From Anonymous Practitioner:

It is stunning how many "important" people do not know what regulatory capture is or how much it plays into what goes wrong.

I have testified often that our legislature should look at increasing compensation for the State X commissioners and technical staff as part of a strategy to improve the potential quality of the Commission's performance and its skill in navigating around/through the pressure that comes with the territory.  But, paying people more is not, standing alone, going to rock an agency back into a balanced position.  What is the difference in the compensation level of the regulators in your three anecdotes?  [not much]

As you know well, when regulatory capture is in bloom, it brings the worst out of all stakeholders.  That is where we are now in State X.

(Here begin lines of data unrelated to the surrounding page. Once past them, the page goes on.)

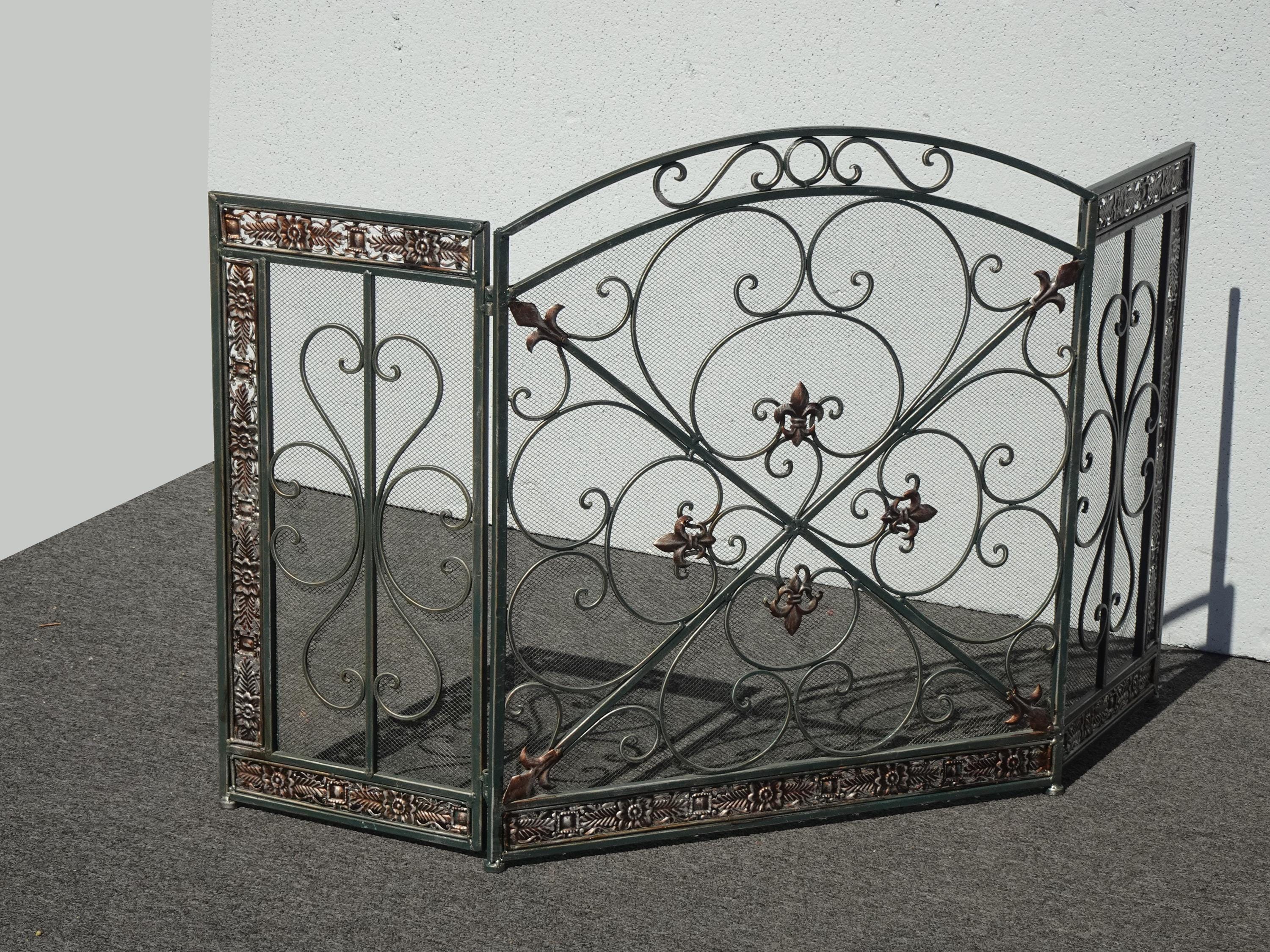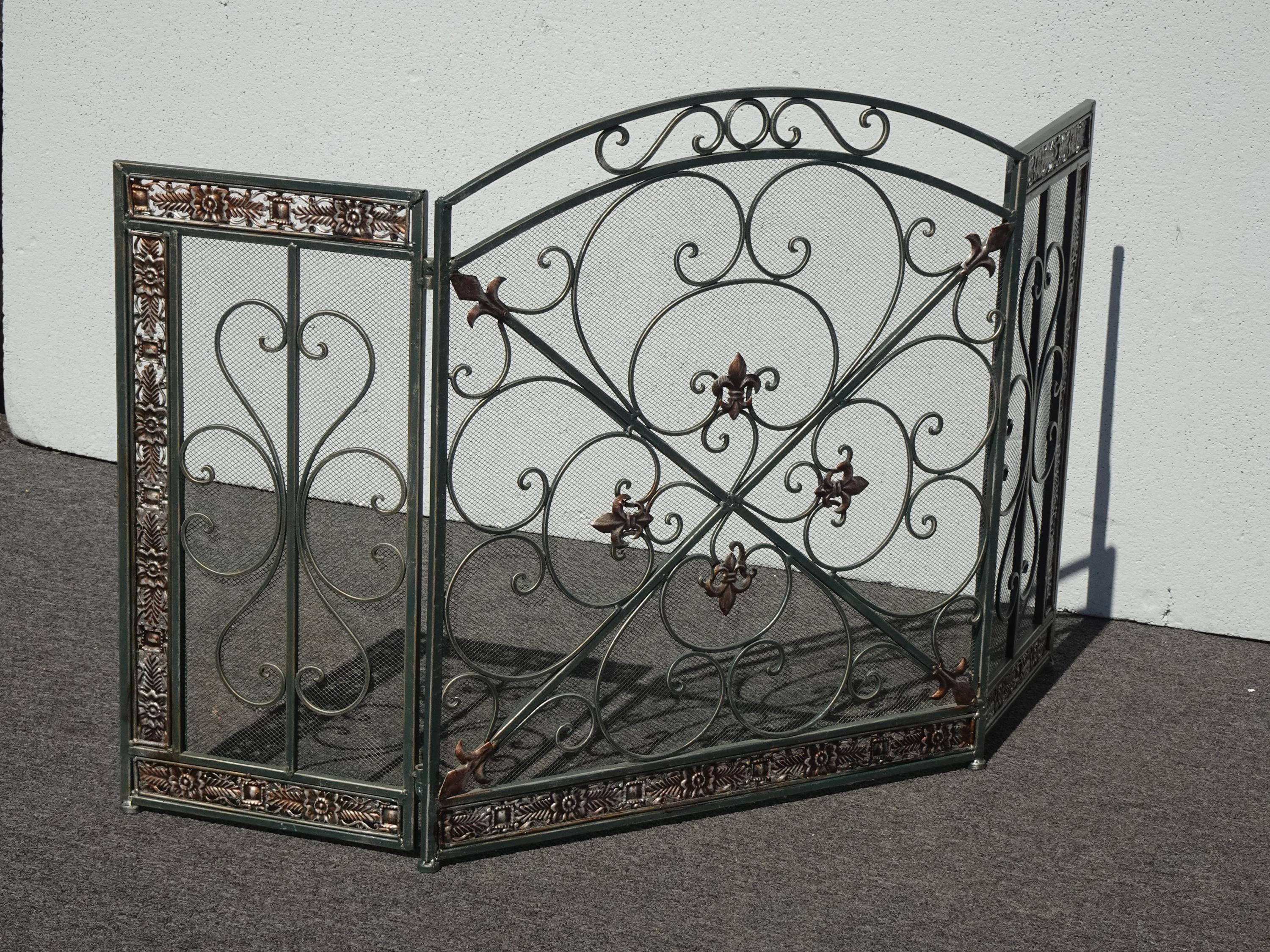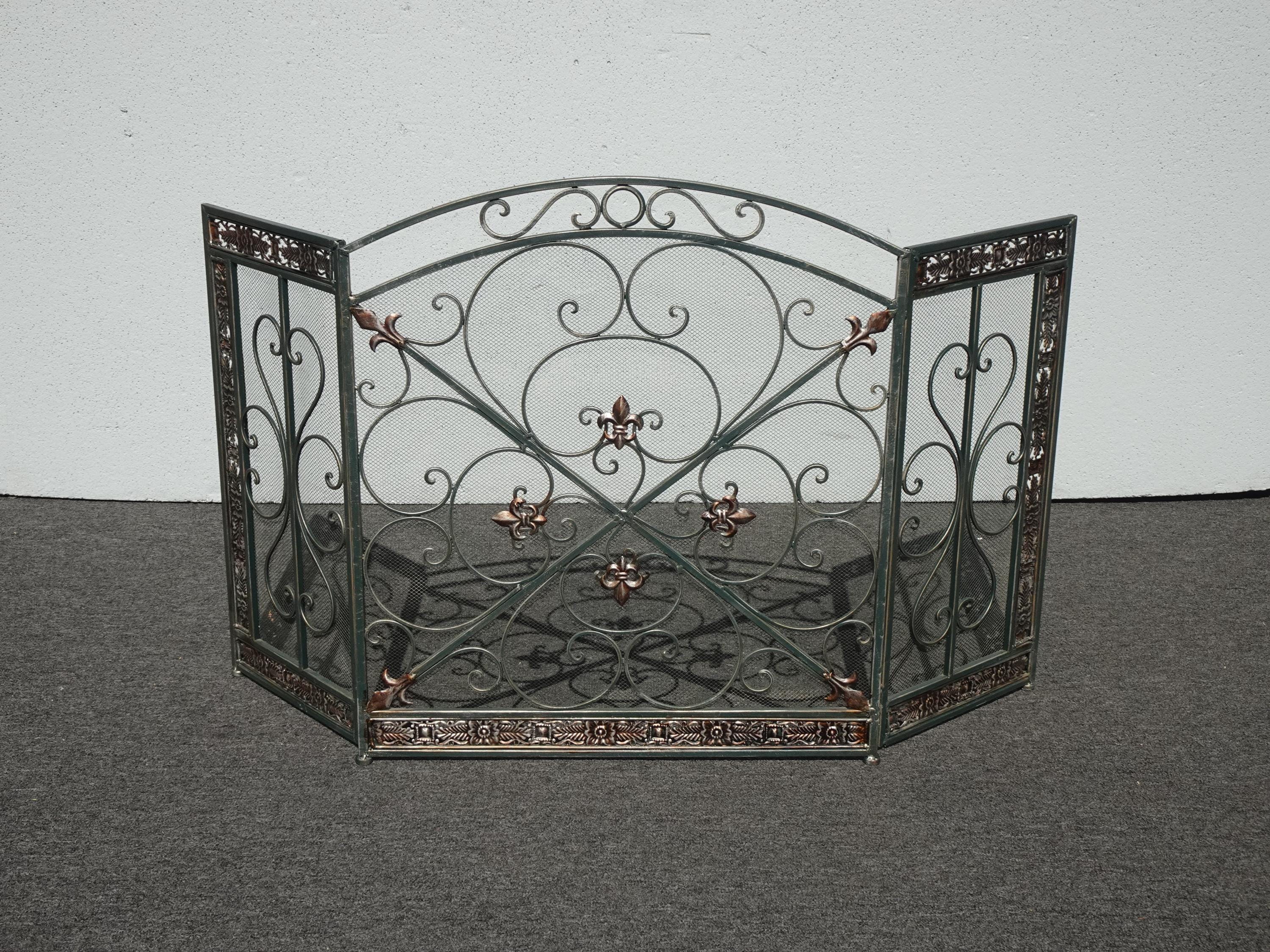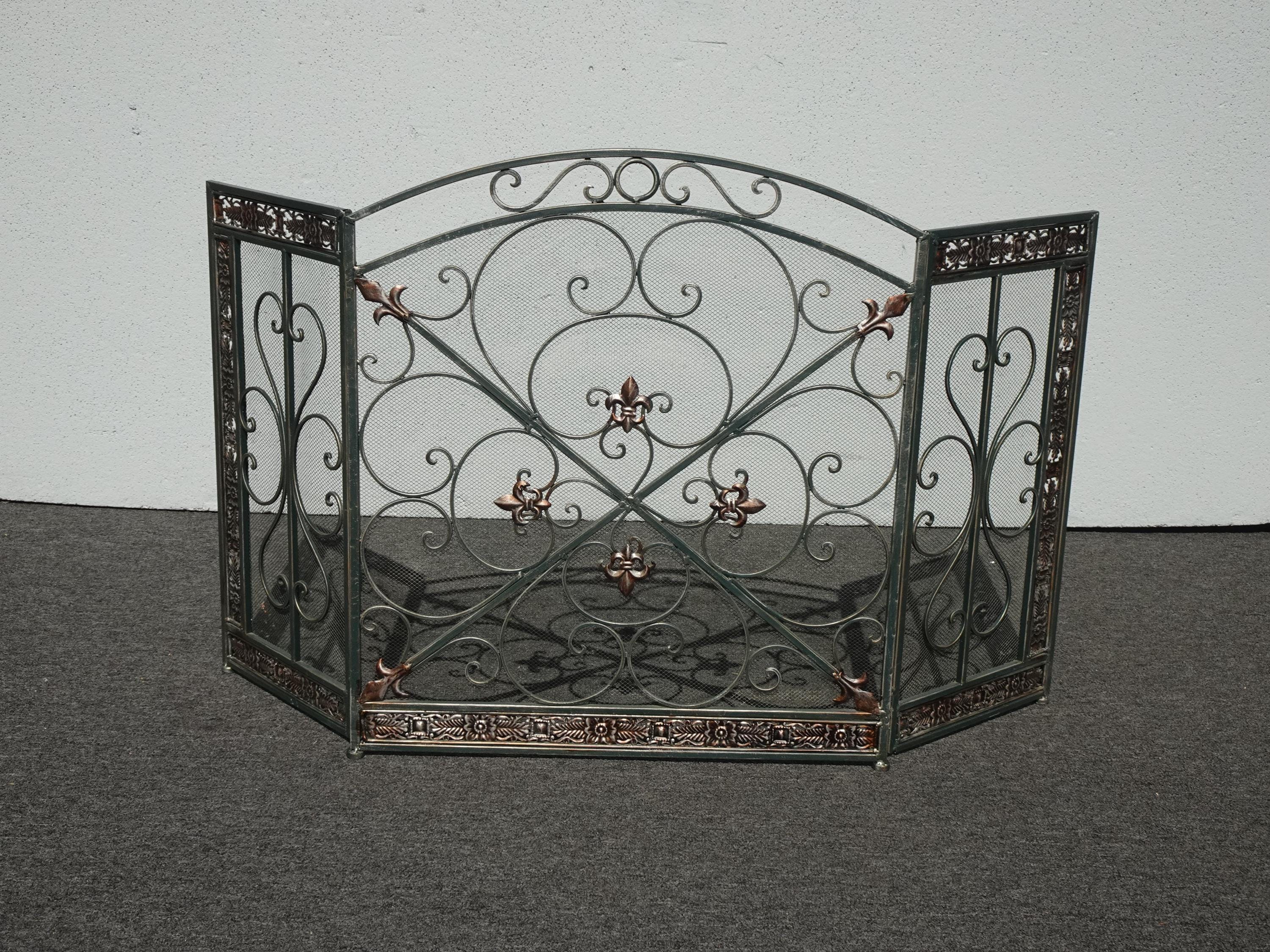 Vintage French Country Three Panel Fireplace Screen ~ Ornate w Scrolls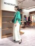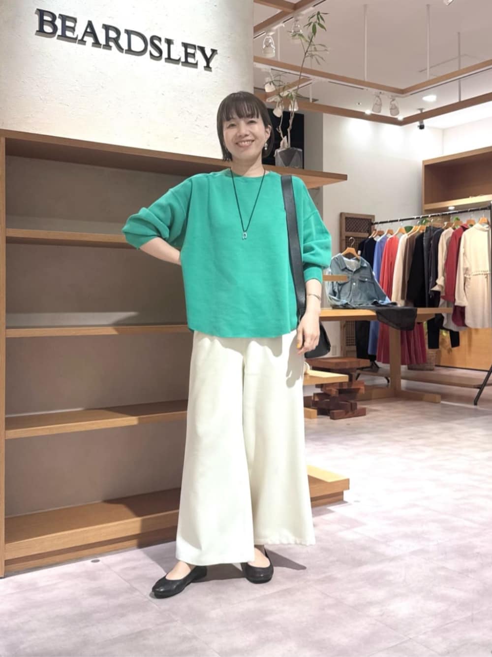 着映えするカラーは、春気分を一気に盛り上げてくれます。 【ニット】Fサイズ きれいめトレーナーのように着られるハイゲージの柔らかニット。着心地抜群です。 グリーンはきれいな発色で、トレーナー生地より肌馴染みが良いです。 【パンツ】1サイズ着用 ウエストが太めのリブと総ゴムで楽ちんなワイドパンツ。さらにリボン紐で締めることもできます。 ワイドでも落ち感が良く、広がりすぎないシルエットですっきり見えます。冬は暖かいタイツと合わせてくださいね。 【ブルゾン】Fサイズ サイドのドロストコードやジップでカジュアルな印象を持たせつつ、襟周りのギャザーでフェミニンな雰囲気も併せ持つ、オトナ女性にぴったりなブルゾン。 ヒップも隠れる丈で、小柄さんも絞り具合で丈感調整できます。 【バッグ】 上品に持てるボディバッグ。 レザーで横長のシルエットがカジュアルすぎず、きれいめコーデにも合います。 マチが広くて、ジップが端まで開くので、たくさん入って出し入れしやすいです。 ポケットが多いので仕分けもしやすいです。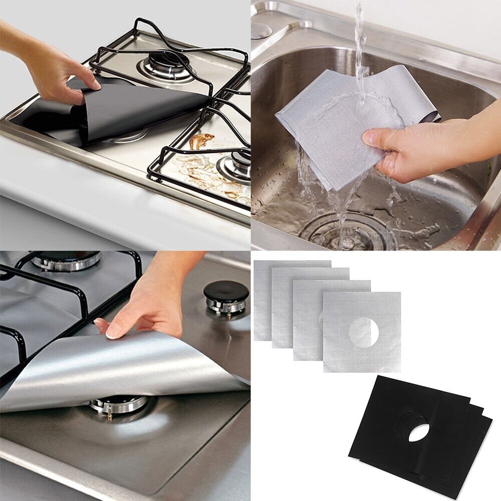 Купить Многоразовое защитное покрытие для газовой плиты (набор 4 шт) /Защитные накладки на плиту (4шт), цвет черный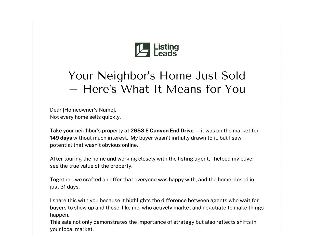Because it doesn’t just announce a listing,it answers the one question every homeowner actually cares about: “Why should I care?”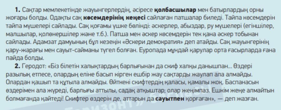 1.Сақ мемлекетінде кімдердің орны жоғары болды?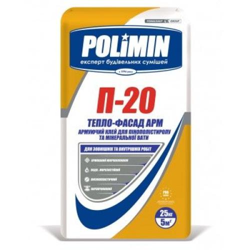 Клеевая смесь для пенополистирола и минеральной ваты Полимин П-20 (25 кг) предназначена для приклеивания утеплителя (пенопласта и минеральной ваты) при внешней отделке построек, а также для создания гидрозащитного слоя.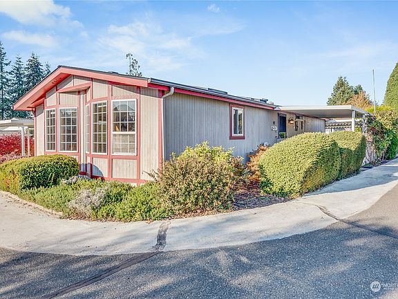 The one everyone is waiting for! Corner lot. New roof in 2016. Move-in ready 2 bedroom in desirable Green Acres 55+ Park. Southern exposure with large windows, sky lights & vaulted ceilings fills the living area with natural light. Cozy electric fireplace. Laminate hardwoods in dining & kitchen. Beautiful hutch & book cases stay with home. New bedroom carpets. Newer appliances. Heat pump/furnace for lower heating bills & air conditioning in the summer. Low maintenance landscaping, covered front porch/deck, spacious hobby shed with loft, and 2-car carport. Entry off front porch has no stairs. Community includes lakes, trails, & clubhouse. Free swimming & live music for Bothell residents at nearby McMenamins. Financing available.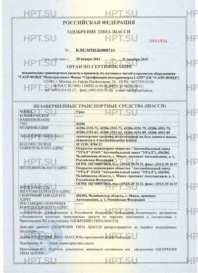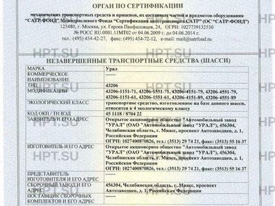 | Предприятие-изготовитель | Открытое акционерное общество "Автомобильный завод "УРАЛ" (ОАО "Автомобильный завод "УРАЛ"), 456304, Челябинская область, г. Миасс, проспект Автозаводцев, д. 1, Российская Федерация ОГРН: 1027400870826, тел.: (3513) 29 74 21, факс: (3513) 55 16 37 |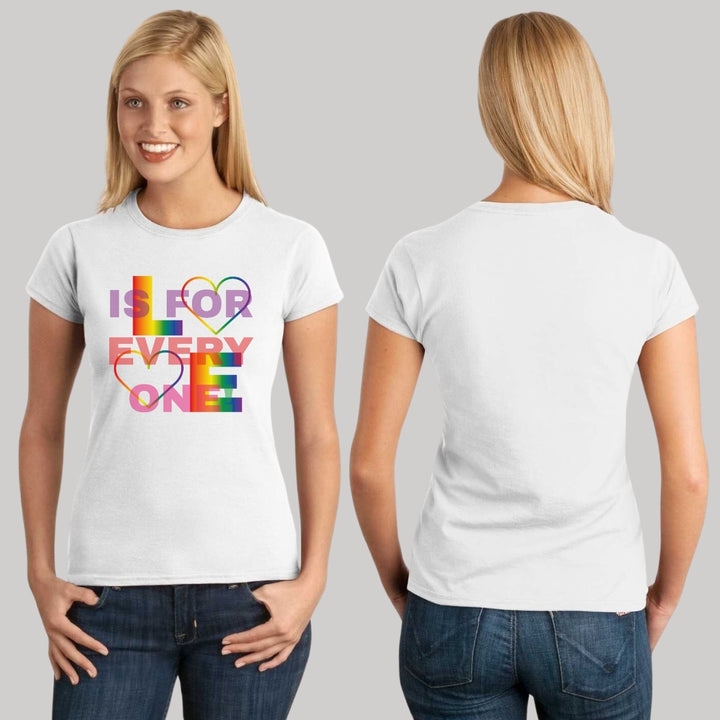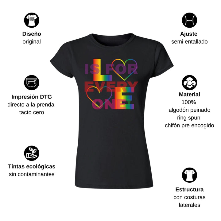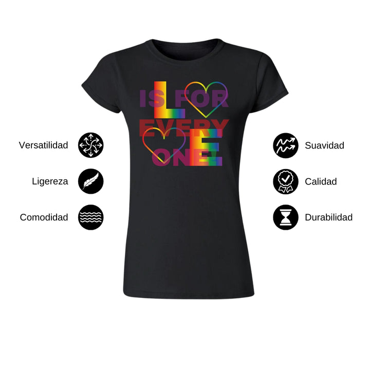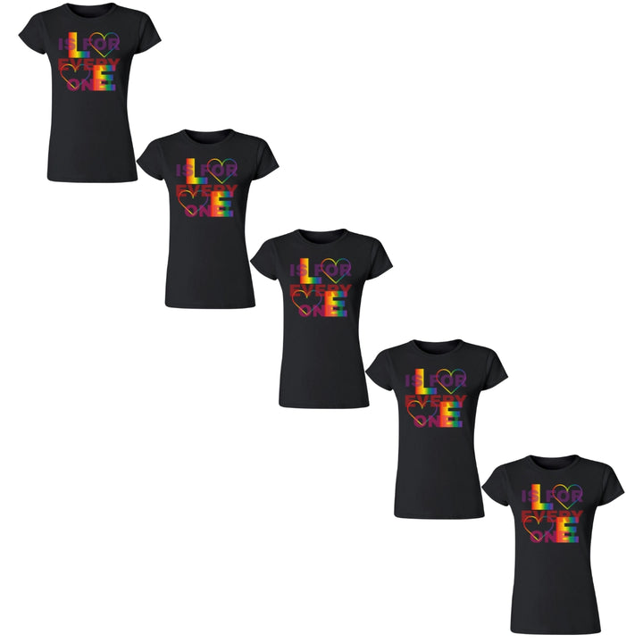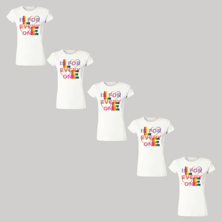 Paquete de 5 playeras de adulto manga corta, cuello redondo para mujer nueva, diseño Pride Love is for everyone original impreso con tecnología DTG (directo a la prenda) tacto cero, uso casual o deportiva, 100% algodón peinado, ajuste semi entallado con costuras laterales.

But, I would also say that some people use regulatory capture as a means to hide their own weakness, prejudice, and personal agendas.  Some of the most glaring examples of regulatory capture can be seen in the actions that postpone or avoid making a decision or, as is often the case in State X, in granting rehearing as a strategy to block parties form taking an appeal from a "final" order.  These less visible symptoms of regulatory capture provide important clues about whether a regulator is part of the regulatory capture SWAT team or smart enough to get out of the way so that the immediate consequences of regulatory capture can be attacked by others.  Sometimes, smart, well-schooled people know how to redirect a hostile opposing force against its source.  Many of the martial arts involve methods to redirect a force inspired by bad intentions. 

The use of regulatory capture as an excuse is also real. 

Perhaps your essays and other work could do more to help well-intended regulators redirect the hostile force of regulatory capture.